My issue with the latest blog post

UltimateRiff · December 3, 2024, 8:17am

I will second that ListenBrainz should probably add tags and genres as similarity points, as that is an important data point that we’re currently not utilizing (and might partially fix the “nobody listens to this artist so we can’t get people to listen to this artist” problem, at least for artists with tags)

another idea I’ve seen bouncing around that I really like is perhaps try using Listens Per Listener instead of straight Listens (or perhaps in addition to), at least for recommendations. this might help boost less popular but well-enjoyed artists and tracks while also lessening the flooding of popular artists on everyone’s playlists (I might rather listen to a song with 3 listeners and 100 plays than with 300 listeners and 300 plays)

(this is of course assuming we do currently use straight listens for recommendations, I’m not familiar with the backend of ListenBrainz, lol)

Grandiose_Magus_Equirhodont · December 3, 2024, 1:42pm

Hi, well I’ve seen a bug, but I guess it’s been reported a couple of times (I think) and I guess it also generates a critical error.

In the following images, we can see that I listen to a song (the lament or lady death), these songs come from the album Down Below by Tribulation. But in the statistics it appears to me that I listened to these songs from a sampler “Rock Hard Sampler Jan 2018”. I have never listened to this sampler that contains songs from Tribulation and Watain. So the statistics are already wrong because they are counting plays of albums that I didn’t listen to. And this happens with a lot of albums too.

Captura de pantalla 2024-12-03 a la(s) 10.38.09

You can’t manually link them to the corresponding album, since when doing it from musicbrainz the song that doesn’t correspond always remains, I understand that this happens when you import a song from another album instead of leaving it as a new release.

Always grateful for the great effort you put into Listenbrainz.

Thanks

RustyNova · December 3, 2024, 2:22pm

track listens are only counted for the first release group that got inserted into Musicbrainz, so yeah, there’s not much else you can do.

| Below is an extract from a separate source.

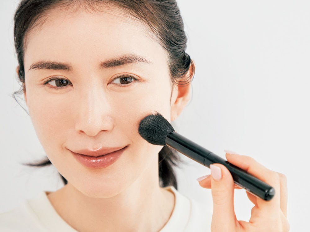 パウダーは大きめのブラシを使って、毛穴の凹凸と黒ずみをフワーとぼかすかんじでブラインドする。

Although the counts ignores compilation releases. I’m not sure if a sampler count as a compilation, but if so you can correct your count.

mr_monkey · December 4, 2024, 3:37pm

A post was split to a new topic: Global listen counts do not add up

Isabelxxx · December 7, 2024, 10:36am

The decision was to simply nuke it instead of looking for a replacement or just deleting all old data and starting fresh to get homogeneous data (if that was really the problem).

That’s my point, I am not really arguing about the quality of the data collected at that point. If there are other services providing KEY for tracks, and it works fine, then it could have been fine here too; even if that needed a total server reset and starting from scratch. That’s better than having zero data.

We never claimed that.

About this, we may have different POV about it. In reality all energy towards a system recommendation has been put into that, there have also been multiple statements against the use of AI, etc. even if I have not literally read “collaborative filtering is better than similarity by audio features/genres/tags”, the point is actions speak louder than words. Maybe that was not the intention, but here we are.

If we read this thread for ex. in the end all discussion gravitates around “not enough data” problem which is essentially a collaborative filtering problem. There is no solution for that, since no more users/devs will come to LB unless it offers something different/better than other services. And [some of] these features don’t work because there is “not enough data”. I think it’s clear the problem at this point is the approach chosen.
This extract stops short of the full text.